> **Exercise goal**: Here is the task for the records below: repeat exactly the lines from the one with "51嘻哈美式潮牌反光條運動休閒長褲男街頭hiphop彎刀寬松濶腿褲子" to the one with "놓치지 마세요!여러분의 ..", both included, and nothing else.

> **Information**:
********

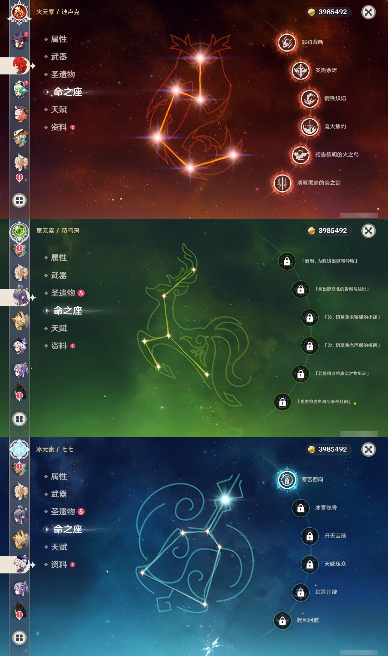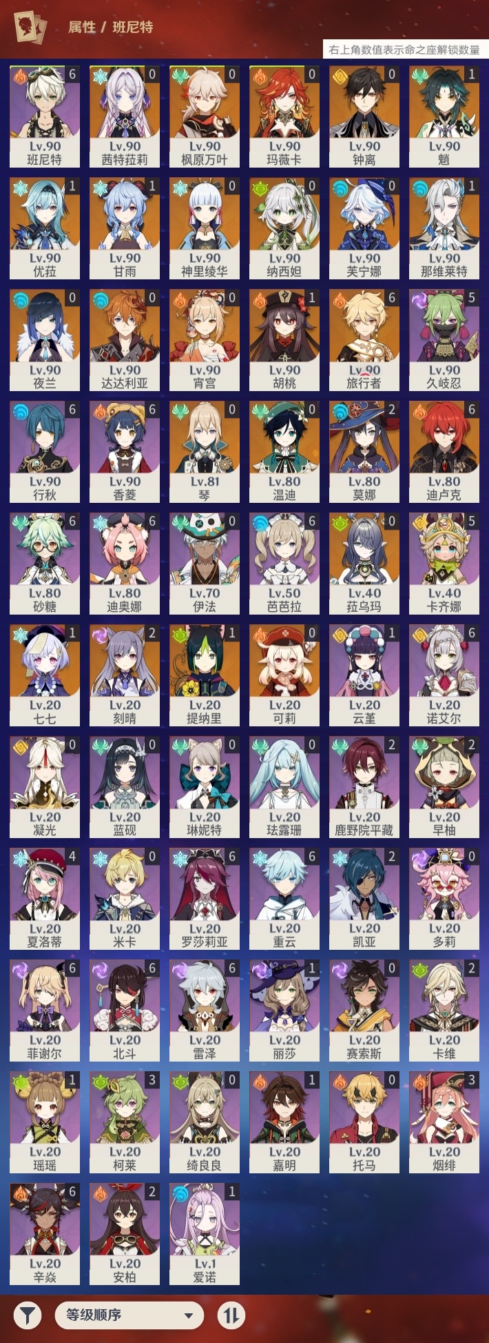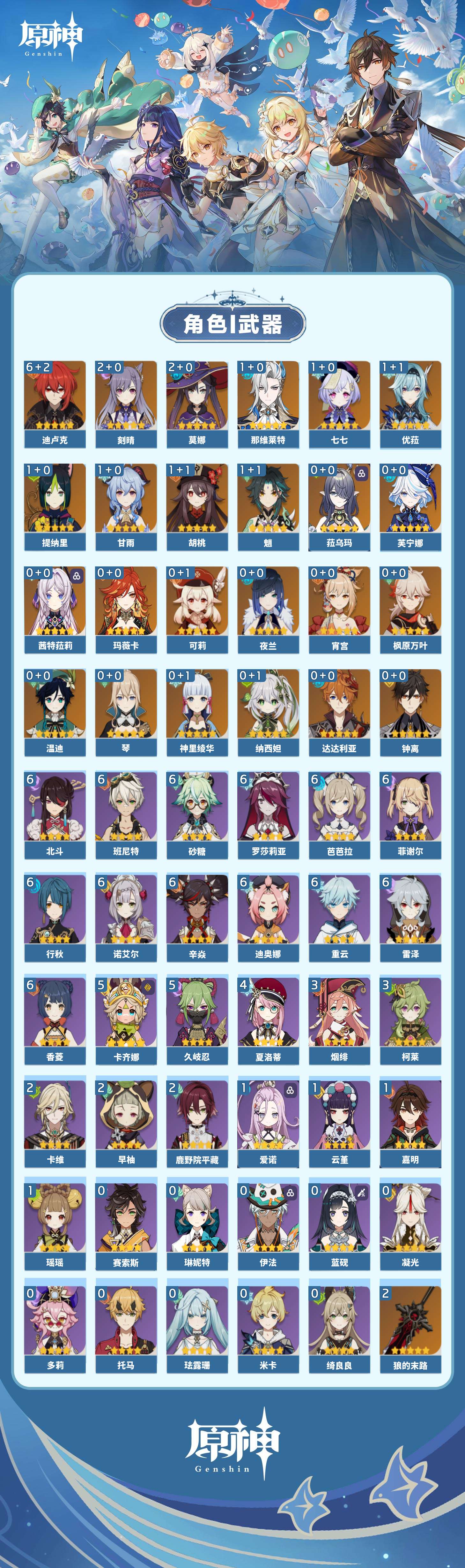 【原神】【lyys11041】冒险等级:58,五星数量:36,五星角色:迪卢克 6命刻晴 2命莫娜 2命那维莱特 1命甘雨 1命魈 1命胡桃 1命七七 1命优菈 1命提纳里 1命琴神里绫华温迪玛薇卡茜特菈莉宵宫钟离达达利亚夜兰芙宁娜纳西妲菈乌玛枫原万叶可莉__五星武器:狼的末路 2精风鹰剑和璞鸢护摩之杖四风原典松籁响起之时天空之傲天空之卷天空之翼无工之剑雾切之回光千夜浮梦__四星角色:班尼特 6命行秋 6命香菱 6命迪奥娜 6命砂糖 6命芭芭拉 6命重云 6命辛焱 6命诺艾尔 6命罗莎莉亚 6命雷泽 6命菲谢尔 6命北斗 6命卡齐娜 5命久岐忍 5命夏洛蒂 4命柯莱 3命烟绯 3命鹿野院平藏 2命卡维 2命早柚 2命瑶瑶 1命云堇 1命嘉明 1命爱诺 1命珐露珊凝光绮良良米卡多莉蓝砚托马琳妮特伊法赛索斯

********

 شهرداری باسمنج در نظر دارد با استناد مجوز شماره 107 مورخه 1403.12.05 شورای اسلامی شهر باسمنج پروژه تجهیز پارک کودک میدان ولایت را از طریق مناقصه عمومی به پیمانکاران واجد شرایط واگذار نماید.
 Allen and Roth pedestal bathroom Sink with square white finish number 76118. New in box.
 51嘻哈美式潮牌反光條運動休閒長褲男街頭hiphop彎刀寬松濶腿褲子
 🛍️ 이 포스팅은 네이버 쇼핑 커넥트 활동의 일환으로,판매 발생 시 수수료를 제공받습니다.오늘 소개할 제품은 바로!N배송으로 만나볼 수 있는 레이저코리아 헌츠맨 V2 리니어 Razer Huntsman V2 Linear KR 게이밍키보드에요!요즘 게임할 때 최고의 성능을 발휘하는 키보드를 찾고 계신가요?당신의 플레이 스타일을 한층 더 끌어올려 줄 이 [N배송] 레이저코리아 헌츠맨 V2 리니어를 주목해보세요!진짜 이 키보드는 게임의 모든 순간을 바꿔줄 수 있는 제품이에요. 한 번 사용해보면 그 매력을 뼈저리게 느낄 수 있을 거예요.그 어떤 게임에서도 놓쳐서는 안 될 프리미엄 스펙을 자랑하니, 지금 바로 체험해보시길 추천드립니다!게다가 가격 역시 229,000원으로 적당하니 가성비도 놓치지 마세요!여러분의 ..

********

> **Solution to the exercise**:
 51嘻哈美式潮牌反光條運動休閒長褲男街頭hiphop彎刀寬松濶腿褲子
 🛍️ 이 포스팅은 네이버 쇼핑 커넥트 활동의 일환으로,판매 발생 시 수수료를 제공받습니다.오늘 소개할 제품은 바로!N배송으로 만나볼 수 있는 레이저코리아 헌츠맨 V2 리니어 Razer Huntsman V2 Linear KR 게이밍키보드에요!요즘 게임할 때 최고의 성능을 발휘하는 키보드를 찾고 계신가요?당신의 플레이 스타일을 한층 더 끌어올려 줄 이 [N배송] 레이저코리아 헌츠맨 V2 리니어를 주목해보세요!진짜 이 키보드는 게임의 모든 순간을 바꿔줄 수 있는 제품이에요. 한 번 사용해보면 그 매력을 뼈저리게 느낄 수 있을 거예요.그 어떤 게임에서도 놓쳐서는 안 될 프리미엄 스펙을 자랑하니, 지금 바로 체험해보시길 추천드립니다!게다가 가격 역시 229,000원으로 적당하니 가성비도 놓치지 마세요!여러분의 ..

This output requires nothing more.